-- TASK OBJECTIVE --
Your copy should begin with the line containing "Turned 2.5 crimp", end with the line containing "Scarlet Macaw (Ara macao)", match the listing below exactly, and contain no pictures.

*** Opening RECORDED DATA ***

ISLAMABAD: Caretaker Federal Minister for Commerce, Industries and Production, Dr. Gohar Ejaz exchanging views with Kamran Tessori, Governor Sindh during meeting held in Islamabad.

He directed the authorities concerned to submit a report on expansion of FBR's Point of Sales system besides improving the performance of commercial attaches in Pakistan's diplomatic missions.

*** Closing RECORDED DATA ***
*** Opening RECORDED DATA ***

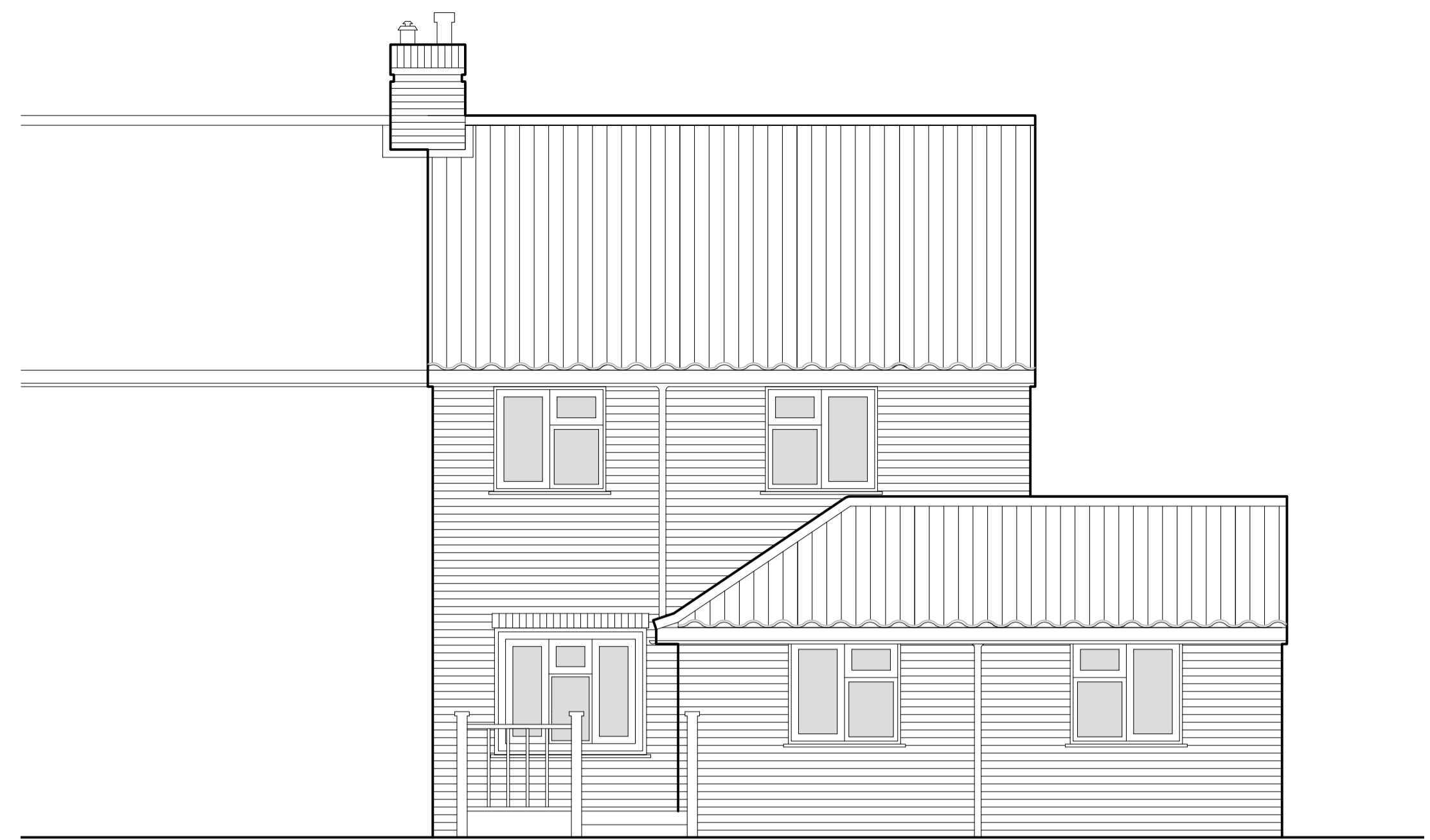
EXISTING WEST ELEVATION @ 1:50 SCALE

*** Closing RECORDED DATA ***
*** Opening RECORDED DATA ***

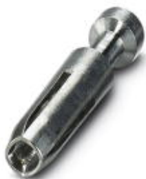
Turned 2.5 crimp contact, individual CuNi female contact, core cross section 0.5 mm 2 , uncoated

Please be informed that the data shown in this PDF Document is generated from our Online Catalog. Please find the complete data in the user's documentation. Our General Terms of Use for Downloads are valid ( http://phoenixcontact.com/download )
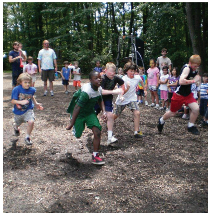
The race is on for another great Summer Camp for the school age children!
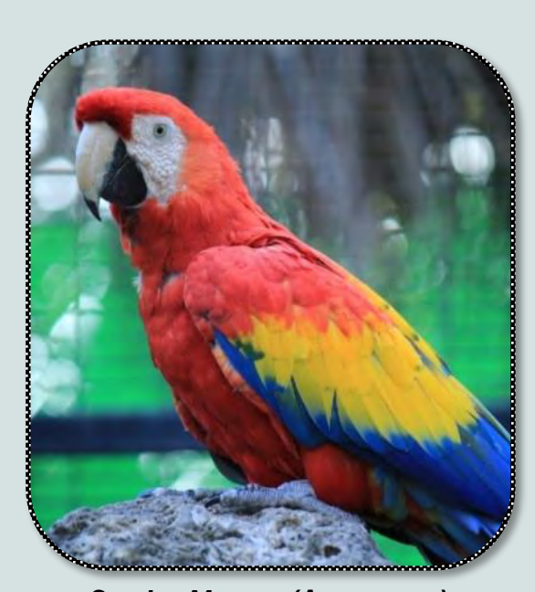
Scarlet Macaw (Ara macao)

*** Closing RECORDED DATA ***

-- TASK OUTPUT --
Turned 2.5 crimp contact, individual CuNi female contact, core cross section 0.5 mm 2 , uncoated

Please be informed that the data shown in this PDF Document is generated from our Online Catalog. Please find the complete data in the user's documentation. Our General Terms of Use for Downloads are valid ( http://phoenixcontact.com/download )
The race is on for another great Summer Camp for the school age children!
Scarlet Macaw (Ara macao)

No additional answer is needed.